Spectrum Sensing Algorithms for Cognitive Radio Based on Statistical Covariances

TL;DR

This paper introduces spectrum sensing algorithms for cognitive radio that utilize statistical covariances of received signals, enabling detection without prior knowledge of signal, noise, or channel parameters, verified through simulations.

Contribution

The paper proposes novel covariance-based spectrum sensing algorithms that do not require prior signal or noise information and are validated through theoretical analysis and simulations.

Findings

High detection probability demonstrated in simulations

Algorithms do not require signal, channel, or noise power knowledge

Effective for narrowband, DTV, and multi-antenna signals

Abstract

Spectrum sensing, i.e., detecting the presence of primary users in a licensed spectrum, is a fundamental problem in cognitive radio.
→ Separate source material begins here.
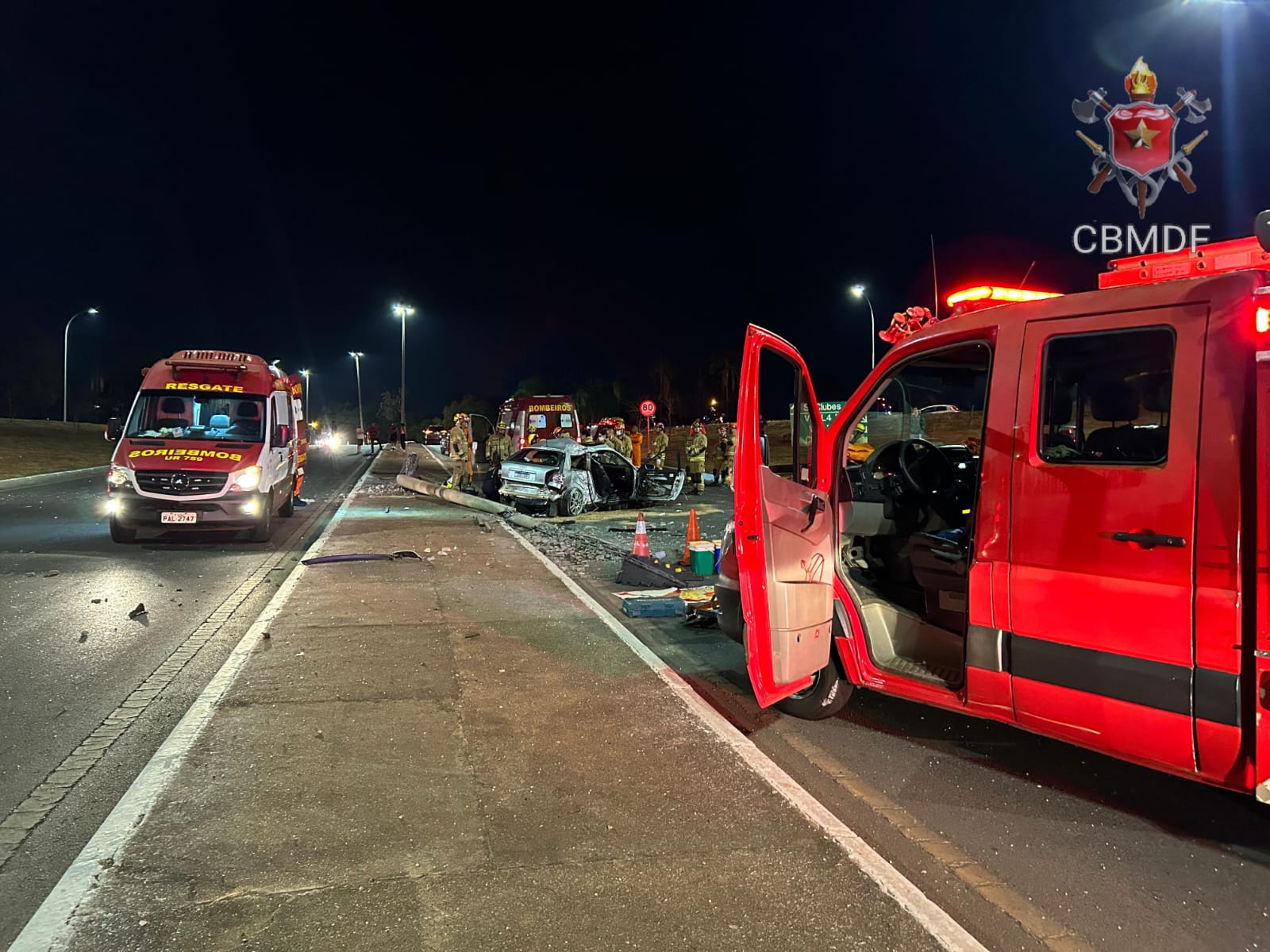 O acidente ocorreu na noite desta quinta-feira (10), próximo ao viaduto que da acesso a Ponte JK, entre às L4 Norte e Sul.

Since the statistical covariances of received signal and noise are usually different, they can be used to differentiate the case where the primary user's signal is present from the case where there is only noise. In this paper, spectrum sensing algorithms are proposed based on the sample covariance matrix calculated from a limited number of received signal samples. Two test statistics are then extracted from the sample covariance matrix. A decision on the signal presence is made by comparing the two test statistics. Theoretical analysis for the proposed algorithms is given. Detection probability and associated threshold are found based on statistical theory. The methods do not need any information of the signal, the channel and noise power a priori. Also, no synchronization is needed. Simulations based on narrowband signals, captured digital television (DTV) signals and multiple antenna signals are presented to verify the methods.